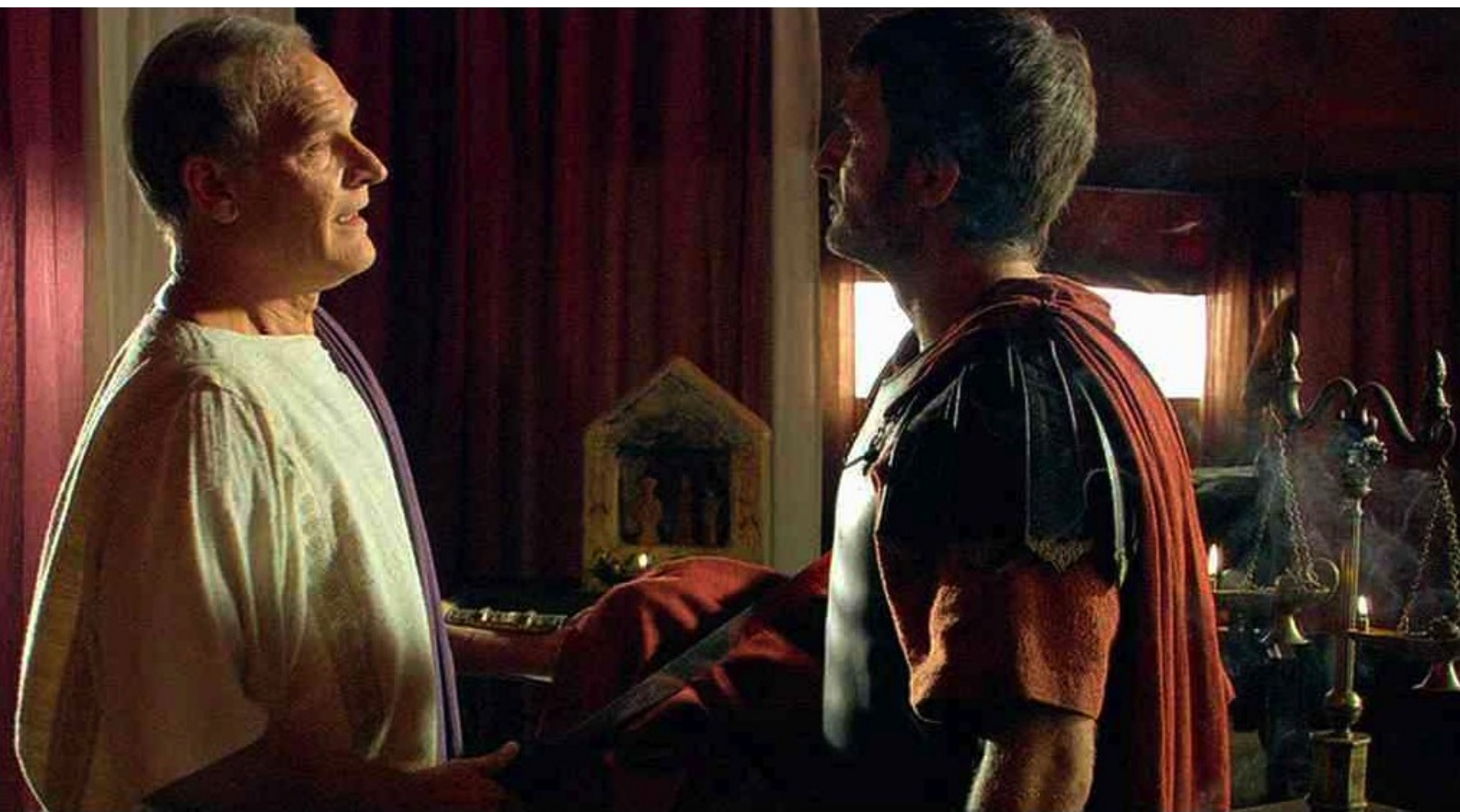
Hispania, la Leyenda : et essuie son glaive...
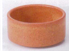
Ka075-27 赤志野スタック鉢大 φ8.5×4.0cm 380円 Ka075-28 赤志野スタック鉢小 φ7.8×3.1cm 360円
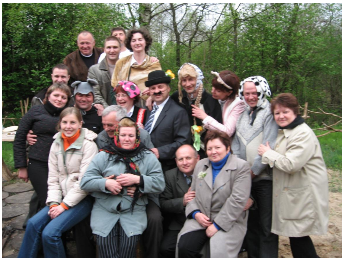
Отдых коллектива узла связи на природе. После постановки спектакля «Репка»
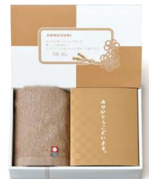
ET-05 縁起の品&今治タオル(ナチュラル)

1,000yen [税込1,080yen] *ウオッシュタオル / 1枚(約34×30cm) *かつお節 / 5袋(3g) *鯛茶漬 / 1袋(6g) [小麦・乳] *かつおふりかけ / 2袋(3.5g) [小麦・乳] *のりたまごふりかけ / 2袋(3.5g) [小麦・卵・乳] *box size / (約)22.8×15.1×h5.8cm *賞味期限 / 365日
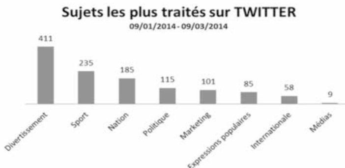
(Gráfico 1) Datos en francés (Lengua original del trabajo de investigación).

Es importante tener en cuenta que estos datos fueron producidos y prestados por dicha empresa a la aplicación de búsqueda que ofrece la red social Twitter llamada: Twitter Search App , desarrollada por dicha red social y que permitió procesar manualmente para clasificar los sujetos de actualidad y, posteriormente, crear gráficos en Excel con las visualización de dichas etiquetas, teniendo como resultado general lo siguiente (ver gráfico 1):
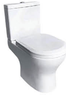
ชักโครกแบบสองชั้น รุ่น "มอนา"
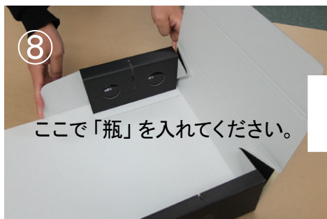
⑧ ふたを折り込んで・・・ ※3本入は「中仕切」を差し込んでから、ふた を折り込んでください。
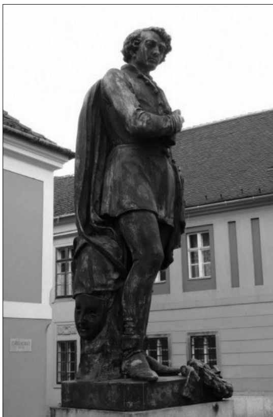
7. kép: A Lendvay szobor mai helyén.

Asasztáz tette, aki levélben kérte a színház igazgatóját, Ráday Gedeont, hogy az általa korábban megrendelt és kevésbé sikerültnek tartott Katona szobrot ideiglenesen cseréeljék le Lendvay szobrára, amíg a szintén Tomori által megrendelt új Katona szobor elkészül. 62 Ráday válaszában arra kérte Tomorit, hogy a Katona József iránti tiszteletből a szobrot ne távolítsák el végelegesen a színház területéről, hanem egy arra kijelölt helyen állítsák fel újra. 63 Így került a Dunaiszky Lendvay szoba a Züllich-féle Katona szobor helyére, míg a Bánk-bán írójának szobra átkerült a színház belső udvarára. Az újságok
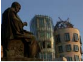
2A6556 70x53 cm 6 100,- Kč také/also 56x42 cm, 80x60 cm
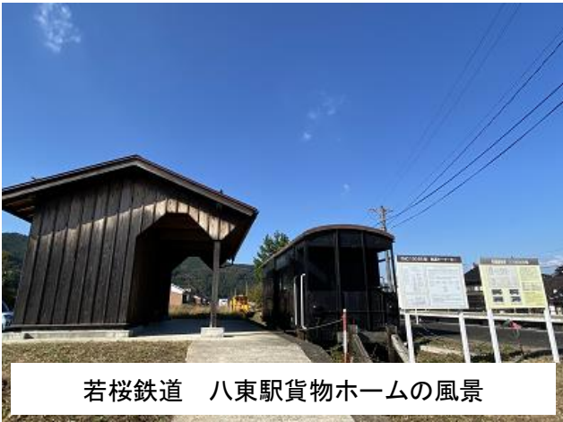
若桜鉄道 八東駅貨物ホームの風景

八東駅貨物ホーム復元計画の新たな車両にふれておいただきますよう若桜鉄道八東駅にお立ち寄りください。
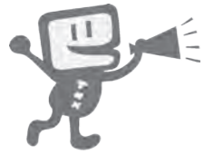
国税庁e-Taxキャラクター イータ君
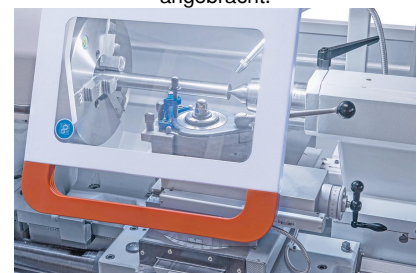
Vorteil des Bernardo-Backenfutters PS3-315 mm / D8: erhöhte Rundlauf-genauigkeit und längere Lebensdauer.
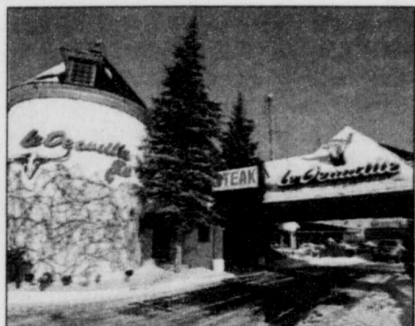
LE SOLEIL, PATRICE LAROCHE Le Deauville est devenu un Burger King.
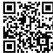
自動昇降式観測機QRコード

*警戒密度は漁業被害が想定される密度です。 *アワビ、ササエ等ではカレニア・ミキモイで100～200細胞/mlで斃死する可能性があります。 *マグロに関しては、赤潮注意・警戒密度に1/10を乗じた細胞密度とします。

★ ★ ★

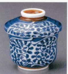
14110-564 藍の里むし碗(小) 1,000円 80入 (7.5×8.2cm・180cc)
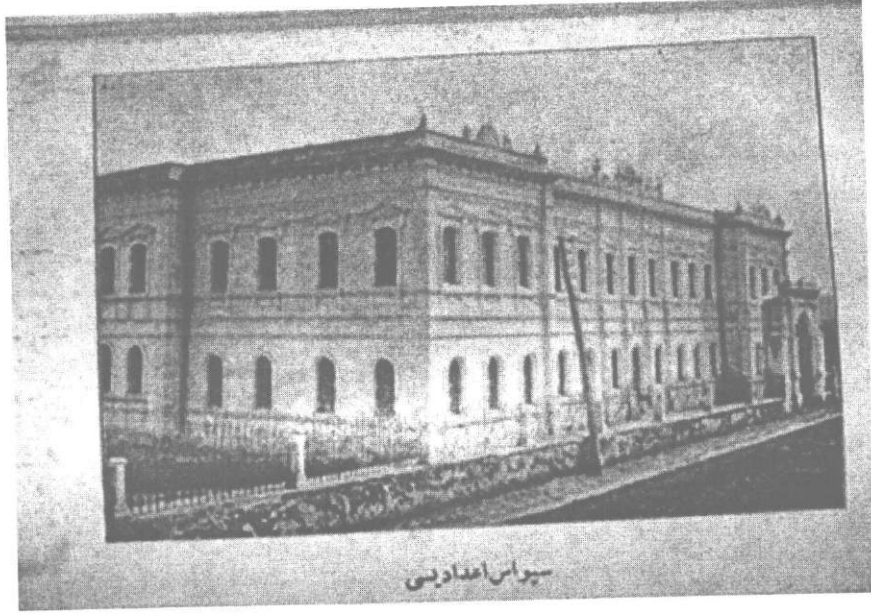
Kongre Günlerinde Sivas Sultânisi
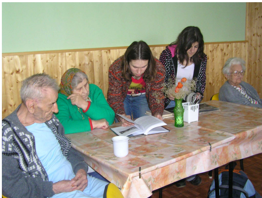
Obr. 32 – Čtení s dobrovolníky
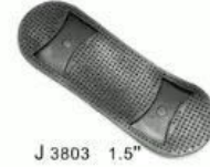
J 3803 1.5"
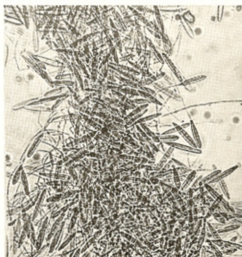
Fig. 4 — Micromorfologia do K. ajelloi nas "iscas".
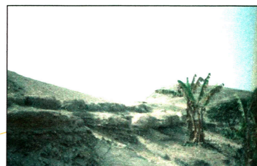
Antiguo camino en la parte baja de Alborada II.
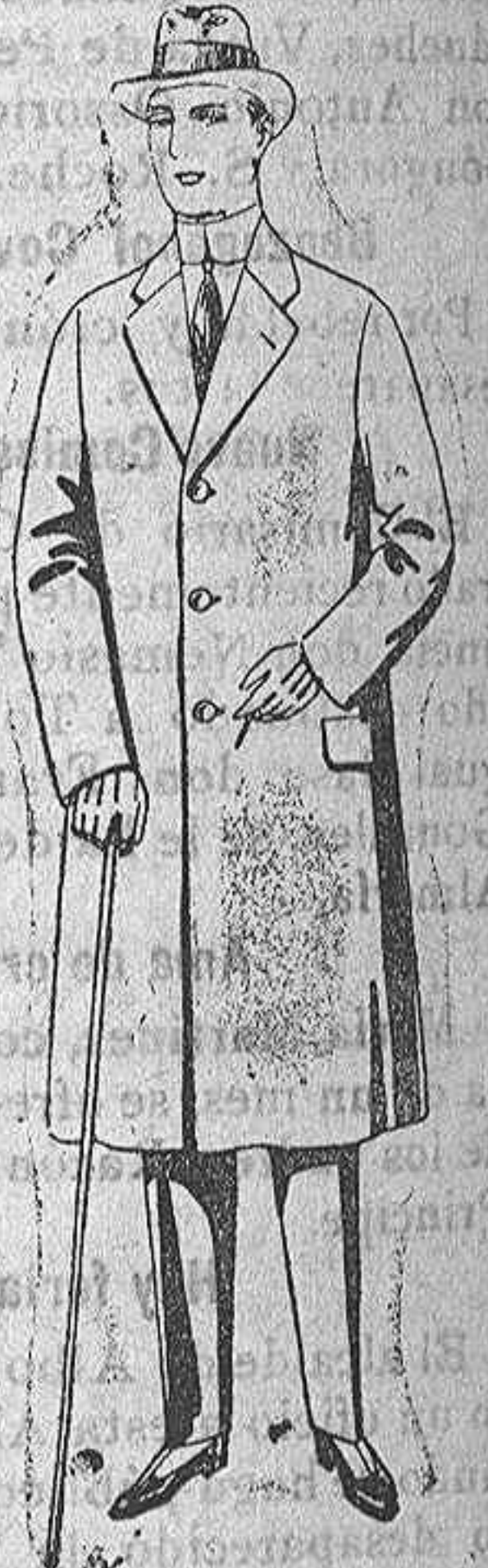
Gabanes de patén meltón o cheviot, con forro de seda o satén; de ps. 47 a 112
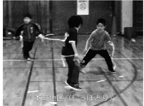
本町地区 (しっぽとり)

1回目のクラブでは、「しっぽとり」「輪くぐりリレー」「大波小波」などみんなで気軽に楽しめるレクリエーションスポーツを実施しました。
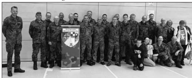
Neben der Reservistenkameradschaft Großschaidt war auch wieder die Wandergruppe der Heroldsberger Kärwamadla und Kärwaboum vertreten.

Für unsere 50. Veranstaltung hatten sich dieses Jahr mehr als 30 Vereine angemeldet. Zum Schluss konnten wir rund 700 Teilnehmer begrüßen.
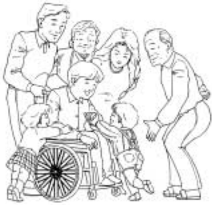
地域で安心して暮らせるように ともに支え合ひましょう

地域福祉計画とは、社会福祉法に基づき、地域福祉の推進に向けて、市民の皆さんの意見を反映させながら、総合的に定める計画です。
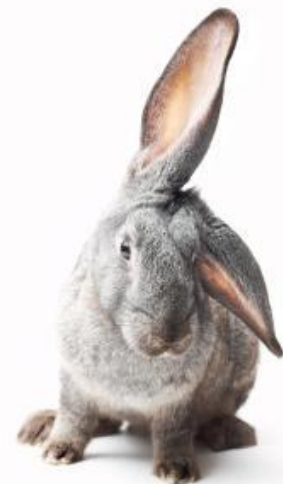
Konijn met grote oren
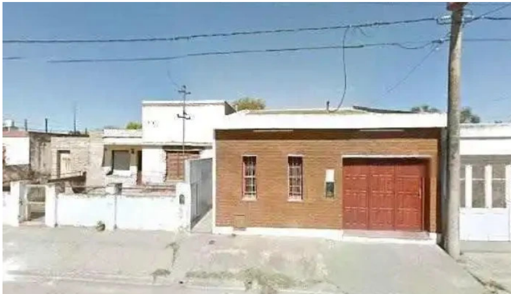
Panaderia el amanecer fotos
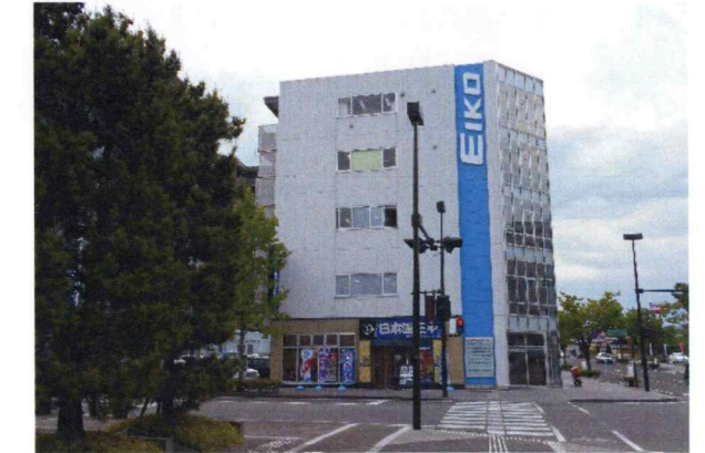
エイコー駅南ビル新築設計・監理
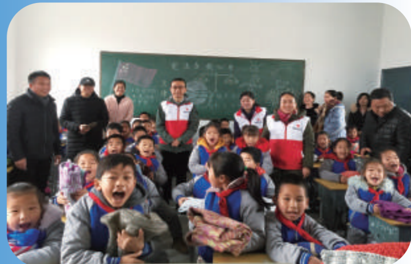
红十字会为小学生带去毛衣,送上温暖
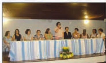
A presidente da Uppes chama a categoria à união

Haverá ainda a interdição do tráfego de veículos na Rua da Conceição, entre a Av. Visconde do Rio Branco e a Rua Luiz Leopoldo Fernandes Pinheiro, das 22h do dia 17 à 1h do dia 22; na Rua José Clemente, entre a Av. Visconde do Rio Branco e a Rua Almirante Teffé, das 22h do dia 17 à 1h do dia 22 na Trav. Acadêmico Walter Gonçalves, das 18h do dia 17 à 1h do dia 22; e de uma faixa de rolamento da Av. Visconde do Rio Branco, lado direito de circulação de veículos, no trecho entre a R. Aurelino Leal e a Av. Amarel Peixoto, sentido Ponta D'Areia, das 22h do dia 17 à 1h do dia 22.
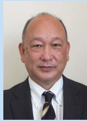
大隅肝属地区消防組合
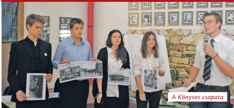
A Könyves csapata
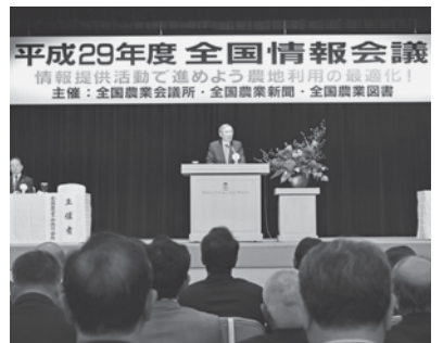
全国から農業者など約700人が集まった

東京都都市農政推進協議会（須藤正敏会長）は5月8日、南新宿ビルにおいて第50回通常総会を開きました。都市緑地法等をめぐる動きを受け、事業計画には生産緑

★ ★ ★

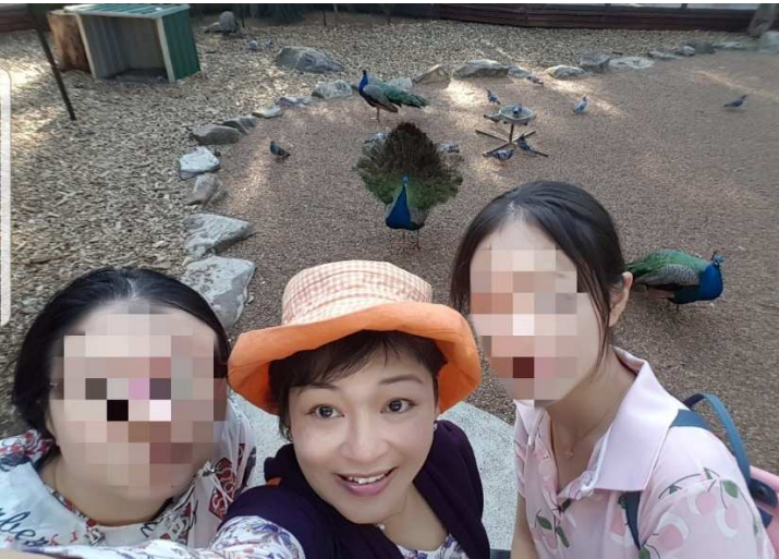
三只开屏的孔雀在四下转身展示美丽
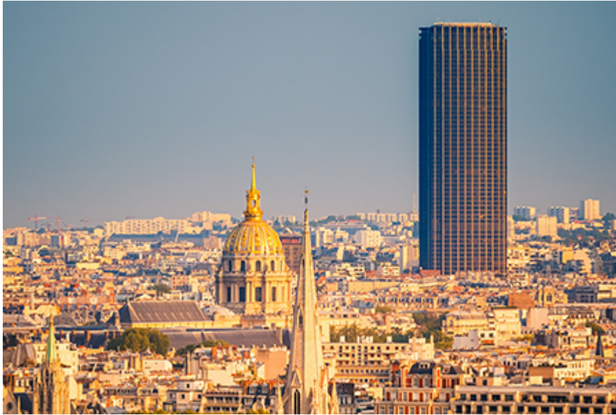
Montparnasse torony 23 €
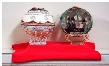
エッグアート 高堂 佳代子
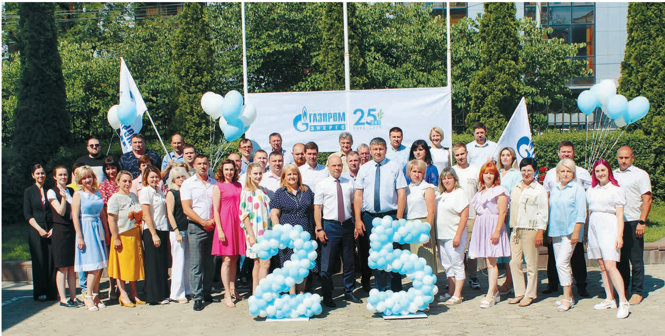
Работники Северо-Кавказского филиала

★ ★ ★

## Assignment
Starting with the line that contains "Neben der Reservistenkameradschaft" and finishing with the line that contains "A presidente da", reproduce every line of the material above exactly, but not the pictures.

## Worked solution
Neben der Reservistenkameradschaft Großschaidt war auch wieder die Wandergruppe der Heroldsberger Kärwamadla und Kärwaboum vertreten.

Für unsere 50. Veranstaltung hatten sich dieses Jahr mehr als 30 Vereine angemeldet. Zum Schluss konnten wir rund 700 Teilnehmer begrüßen.
地域で安心して暮らせるように ともに支え合ひましょう

地域福祉計画とは、社会福祉法に基づき、地域福祉の推進に向けて、市民の皆さんの意見を反映させながら、総合的に定める計画です。
Konijn met grote oren
Panaderia el amanecer fotos
エイコー駅南ビル新築設計・監理
红十字会为小学生带去毛衣,送上温暖
A presidente da Uppes chama a categoria à união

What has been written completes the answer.